M. Yves Nidegger (UDC). L'heure avance, il est tard... Le groupe UDC ne voit rien à redire à la recevabilité de cette initiative. Il la juge parfaitement recevable et, dans ce sens, votera la recevabilité.

M. Christian Luscher (L). J'ai été pris à partie par mon collègue Damien Sidler, qui me reproche, d'une certaine façon, d'être député avocat...

Je tiens donc à lui répondre très brièvement pour dire deux choses. D'abord, contrairement à lui, quand je suis ici, je ne suis pas payé ! Deuxièmement, lorsque nous nous sommes prononcés sur la validité de l'initiative «Energie: notre affaire !», à sa place, en tant qu'employé des SI, je ne me serais pas permis de me prononcer devant cette assemblée ! Finalement, à chacun sa morale !

La présidente. Merci, Monsieur le député. J'aimerais bien que le débat reste serein... Monsieur Barazzone, renoncez-vous à prendre la parole ? Non.
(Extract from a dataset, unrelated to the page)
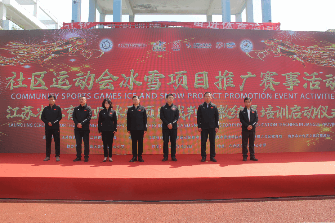 江苏省体育局冬季运动管理中心、江苏省冰雪运动协会、南京市教育局、南京市体育局、六合区教育局、六合区文化和旅游、六合金牛湖中心小学等单位领导出席了本次活动开幕式。

Alors, vous l'avez. (Brouhaha.)

M. Guillaume Barazzone (PDC). Etant donné que l'on parle des droits populaires, il est important que le parti démocrate-chrétien s'exprime. Je dirai tout simplement que cette initiative ne pose aucun problème de recevabilité, que l'unité de but existe. Donc, nous soutiendrons la recevabilité de ce texte.

Mise aux voix, l'unité de la forme de l'initiative 135 est adoptée par 58 oui et 4 abstentions.

Mise aux voix, l'unité du genre de l'initiative 135 est adoptée par 68 oui et 1 abstention.

Mise aux voix, l'unité de la matière de l'initiative 135 est adoptée par 56 oui et 13 abstentions.

Mise aux voix, la conformité au droit supérieur de l'initiative 135 est adoptée par 57 oui et 13 abstentions.

Mise aux voix, l'exécutabilité de l'initiative 135 est adoptée par 68 oui et 1 abstention.

La présidente. Mesdames et Messieurs les députés, je vous soumets maintenant la validité de l'initiative dans son ensemble.

Mise aux voix, la validité de l'initiative 135 est adoptée par 55 oui et 13 abstentions.

Le Grand Conseil déclare valide l'initiative populaire 135. Elle est renvoyée à la commission des finances.

L'IN 135-A est renvoyée à la commission des finances.

La présidente. La commission des finances traitera donc du fond de cette initiative. Nous passons maintenant à la deuxième initiative à l'ordre du jour.